Prolapse in pregnancy: a case report

Authors

  • Sarah Van Der Hock University of Melbourne, Victoria, Australia; Western Health, St Albans, Victoria, Australia
  • Ishith Seth University of Melbourne, Victoria, Australia; Monash University, Victoria, Australia; Department of Surgery, Peninsula Health, Victoria, Australia https://orcid.org/0000-0001-5444-8925
  • Nipuni Hapangama Department of Obstetrics and Gynaecology, New South Wales, Australia
  • Roberto Cuomo Department of Medicine, Surgery and Neuroscience, University of Siena, Siena, Italy
  • Nita Dhupar Department of Obstetrics and Gynaecology, New South Wales, Australia

DOI:

https://doi.org/10.18203/2320-1770.ijrcog20243204

Keywords:

Uterine prolapse, Pregnancy, Pelvic organ prolapse

Abstract

Pelvic organ prolapse in pregnancy is uncommon.

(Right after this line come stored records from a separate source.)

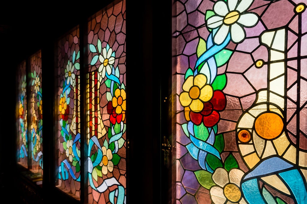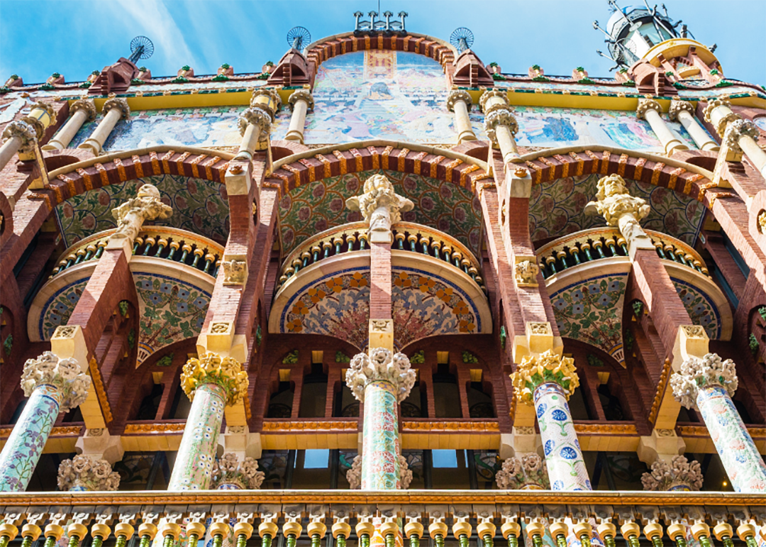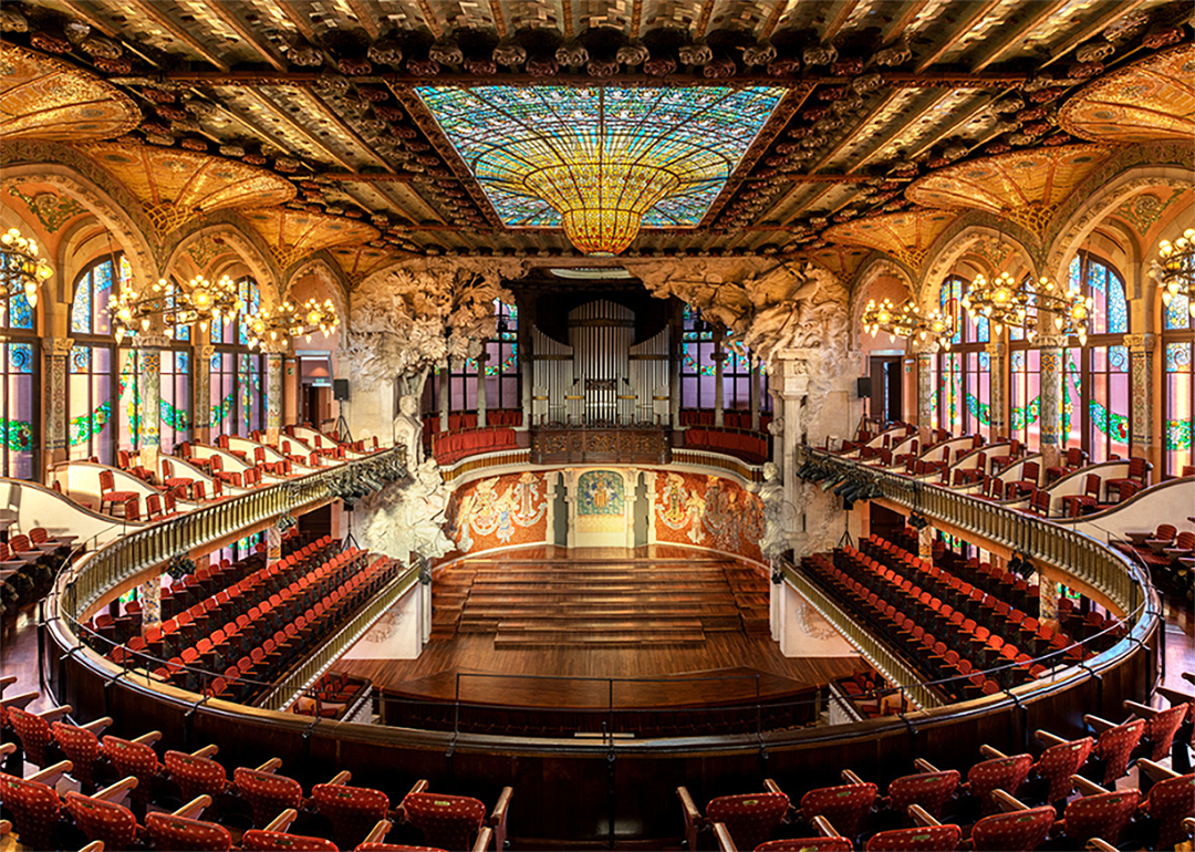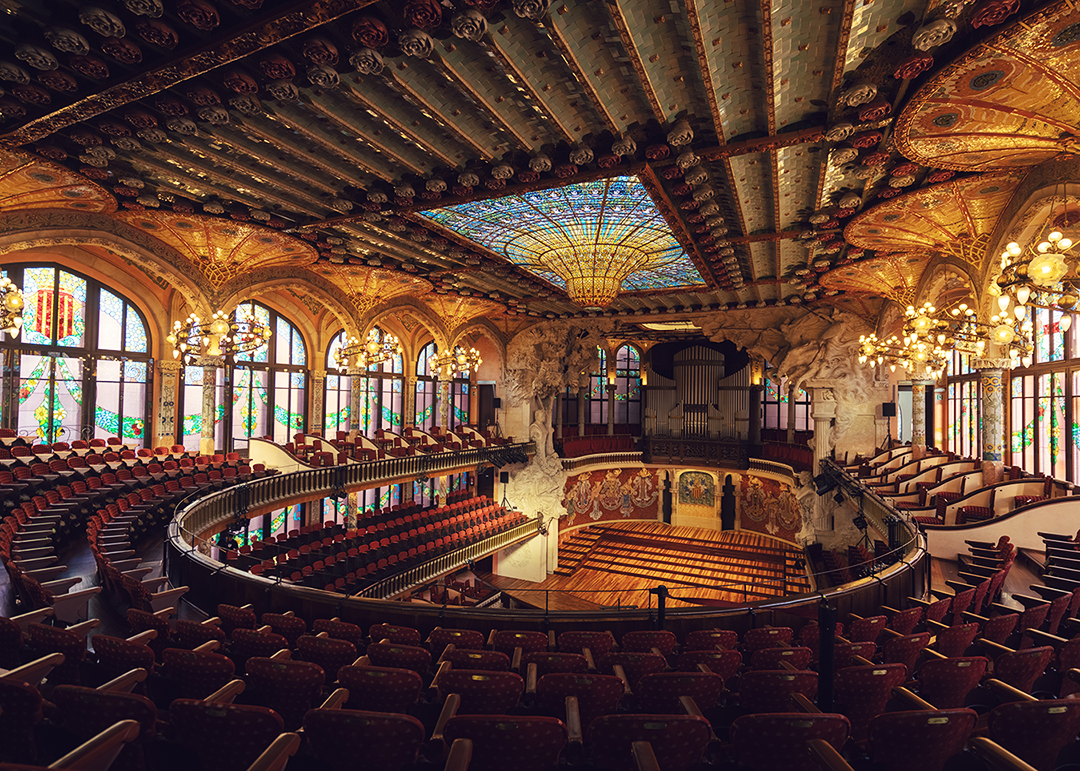 ステンドグラスやモザイク装飾に彩られた華やかな空間は、「光の音楽堂」とも称され、バルセロナを代表する文化施設のひとつです。
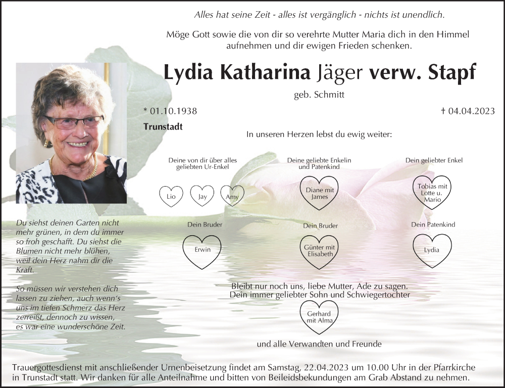 Hier finden Sie alle Traueranzeigen aus der Zeitung, die bisher für Lydia Katharina Jäger erschienen sind. Weitere Traueranzeigen, die in der Zeitung erscheinen, werden hier ebenfalls aufgelistet
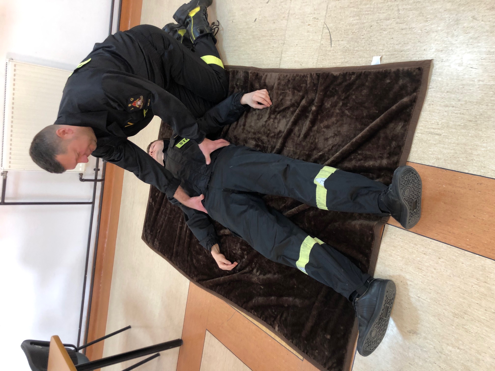 Ponadto, po egzaminie praktycznym z kwalifikowanej pierwszej pomocy 31 strażaków systemu zmianowego oraz dowództwa JRG odbyło ćwiczenie w komorze dymowej.
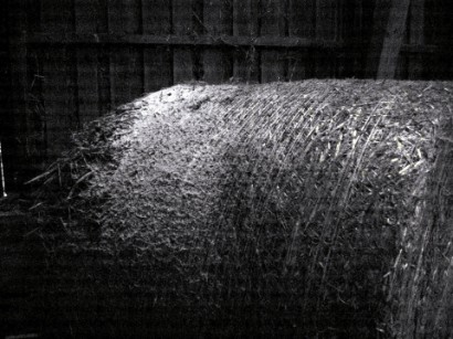 Die Dachverbindung Futterlager / Großer Laufstall ist auch zum Futterlager hin undicht. Bei starkem Regen bilden sich am Boden des Futterlagers Wasserpfützen, die Ballen werden nass und schneien z.T. ein.
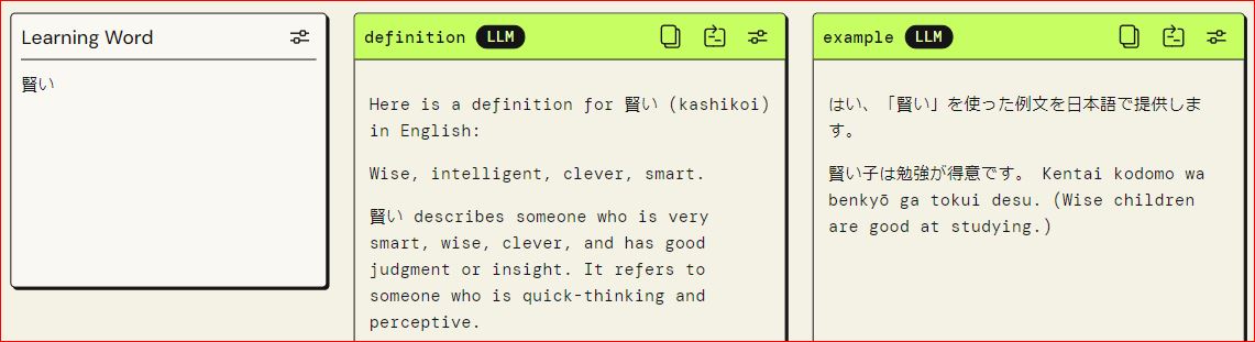 Still tweaking to see if we can expand the examples and definitions. Sometimes the definitions are in English only and sometimes are in Japanese
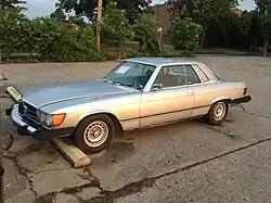 Prominent U.S. 5-mph bumpers on a 1977 Mercedes-Benz 450 SLC
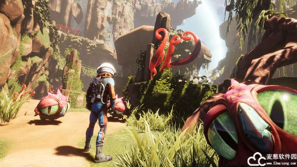 7、另一值得关注的点便是纯手工打造的游戏世界,和其他开放世界沙盒的随机生成地图不同,玩家在星球中的探索并不会无意义和重复,在一些需要动脑筋的环境互动周围,总有你可以利用的资源或者生物
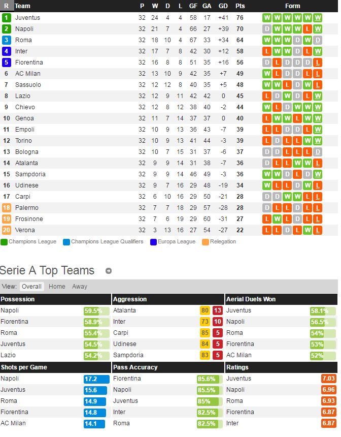 아탈란타는 지난 라운드 토리노 전에서 1-2 패배를 당하며 리그 2연승 행진이 중단 되었다. 수비수 드라메가 중심을 잡으며 버티고 있지만 로마의 공격진을 감당하기엔 쉽지 않아 보인다. 로마는 지난 라운드 볼로냐 전에서 홈에서 의외로 고전하며 1-1 무승부를 거두고 리그 3위를 유지하고 있다. 공격수 살라가 좋은 모습을 보여주며 오랜만에 리그에서 득점에 성공 한것이 유일한 위안거리이다.
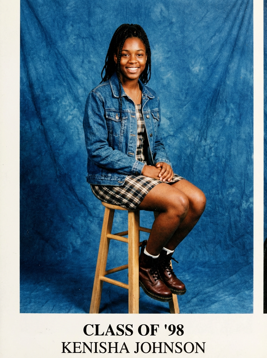 (school portrait) photo headshot of a young 18 y o model in 1990s style, nineties style, 90s, 1990s fashion, 1990s hair, school, model is sitting and posing for a (yearbook) picture, blue yearbook background, official school yearbook photo, model sitting (looking straight into camera), (school shoot), (inside), blue yearbook background
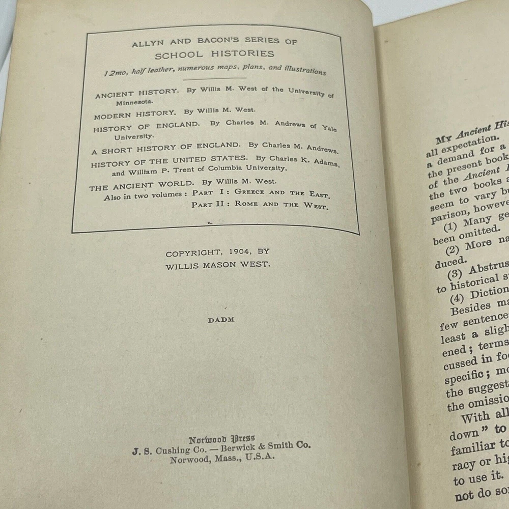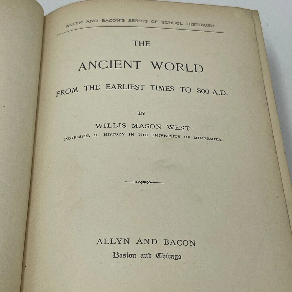 <![CDATA[<div>The Ancient World, 1904 School Book by Willis West, Publ. Allyn and Bacon 1904 hardcover. This book is in damage condition please see all the pictures sell as is
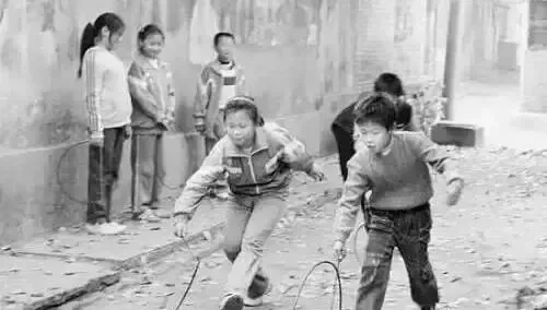 这画面里几个小孩在巷子弄堂追着滚铁环,铁环碰在地上咣咣响,孩子跑得气喘吁吁,身后尘土飞扬。以前啥玩具最亮堂?一根铁丝一个铁圈子就能玩上一下午,碰见大人喊“去做作业”,头一低又钻进小巷没影,童年就是这样黏着马路边和伙伴。
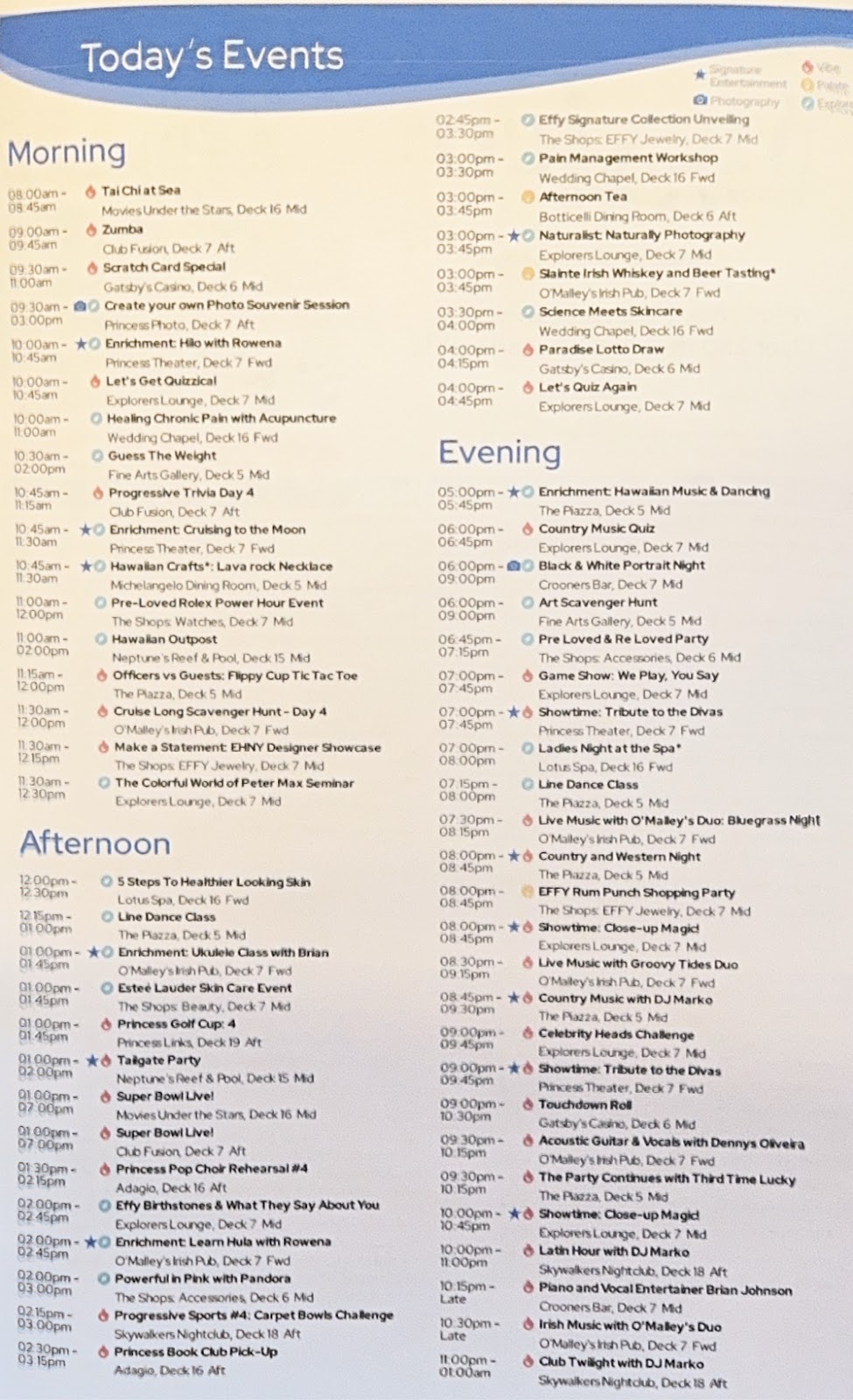 Unfortunately, rain showers passed over every so often and we traded wet pool towels for dry pool towels over and over and over again and it all felt very familiar. This was definitely not our first rodeo. In fact, we were remembering back to being on the Grand Princess for the first Super Bowl ever shown on MUTS, out of Galveston in 2005. There was a huge marketing campaign, that you could watch the Super Bowl on a drive in movie-type screen on a cruise ship, and it sure sucked us in.
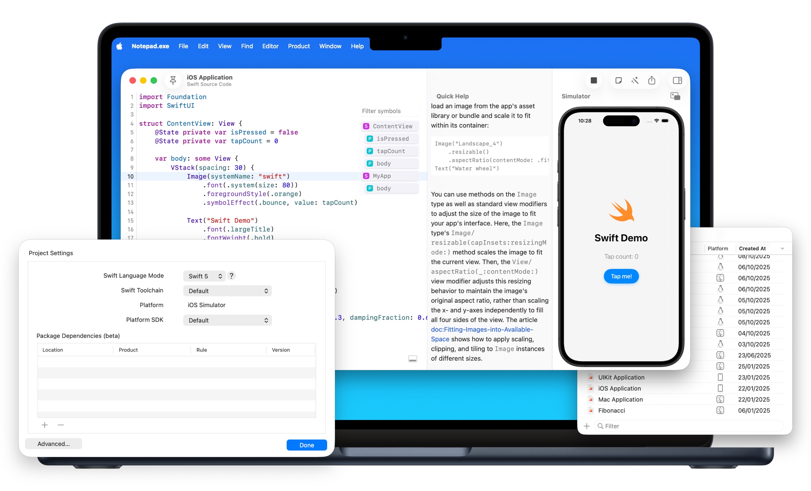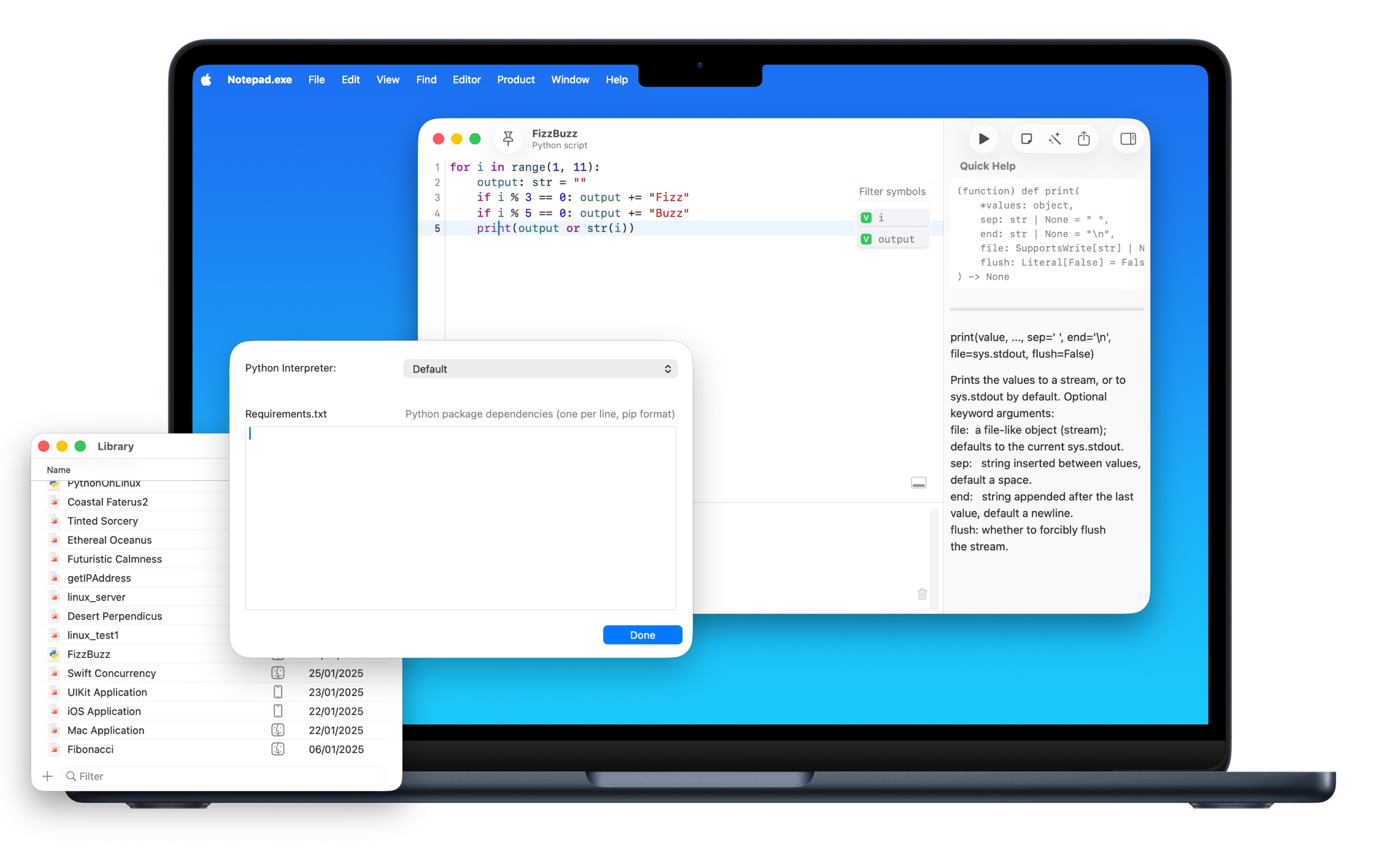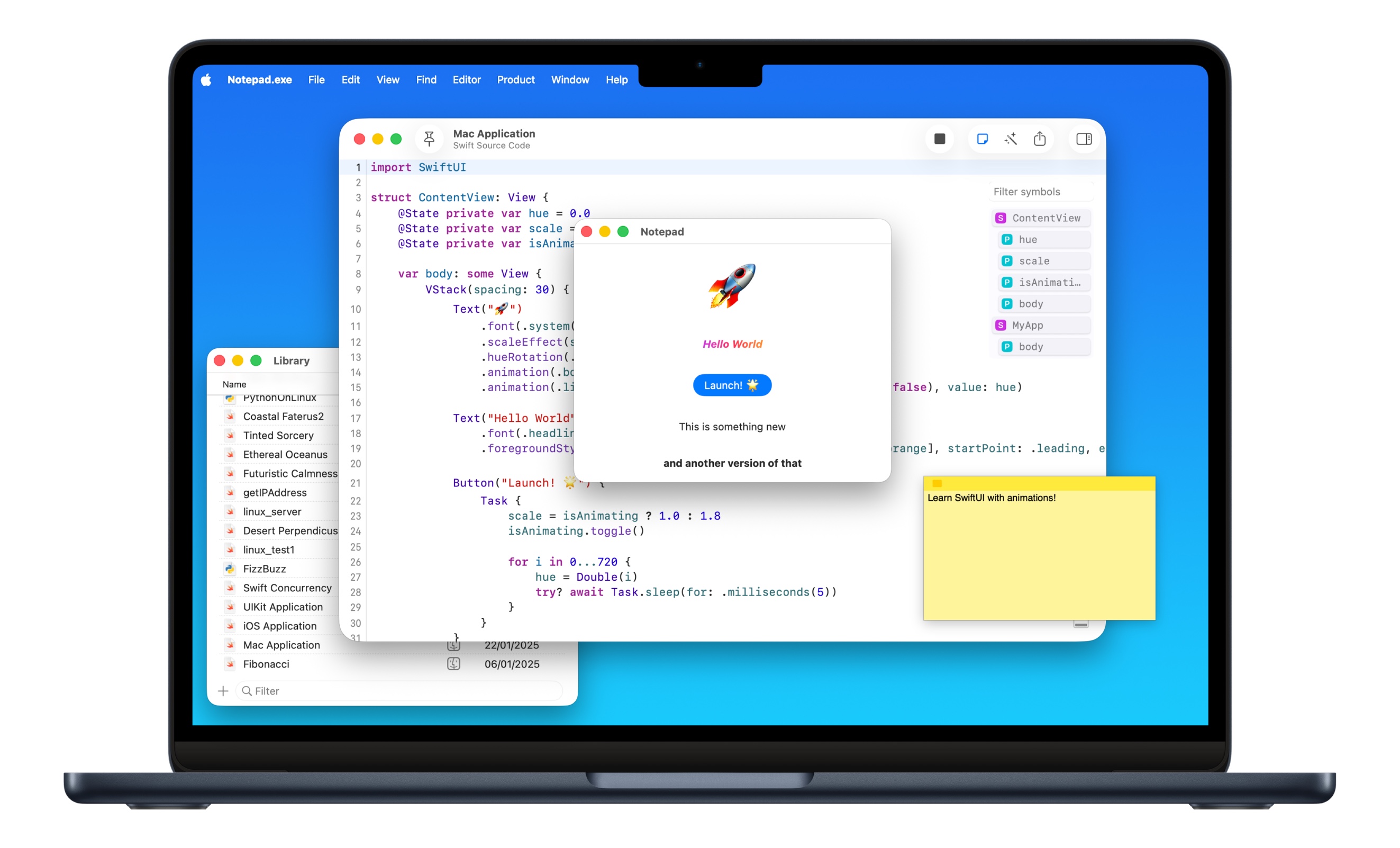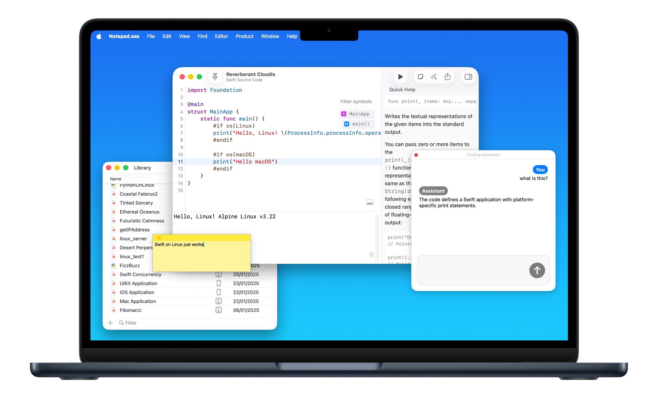 Notepad.exe is a native macOS code editor for Swift and Python that skips the setup. Write code and run it - that's it. Launched in May 2025, it features zero-configuration coding, iOS Simulator integration, AI assistance, Mac app export, and Linux cross-platform support.

It poses unique maternal and foetal risks which must be carefully managed in the antepartum, intrapartum, and post-partum period. This case series and literature review discusses two cases of young female patients without significant risk factors presenting in their third trimester of pregnancy with symptoms of pelvic organ prolapse (POP). Both patients were treated conservatively and went on to have an uncomplicated vaginal delivery at term. These cases highlight the need for routine pelvic floor assessments in the antenatal period to detect the early signs of POP. The ensuing literature review provides updated insights into the predisposing factors, diagnosis, and management of POP, including the importance of managing the psychosocial implications of the condition.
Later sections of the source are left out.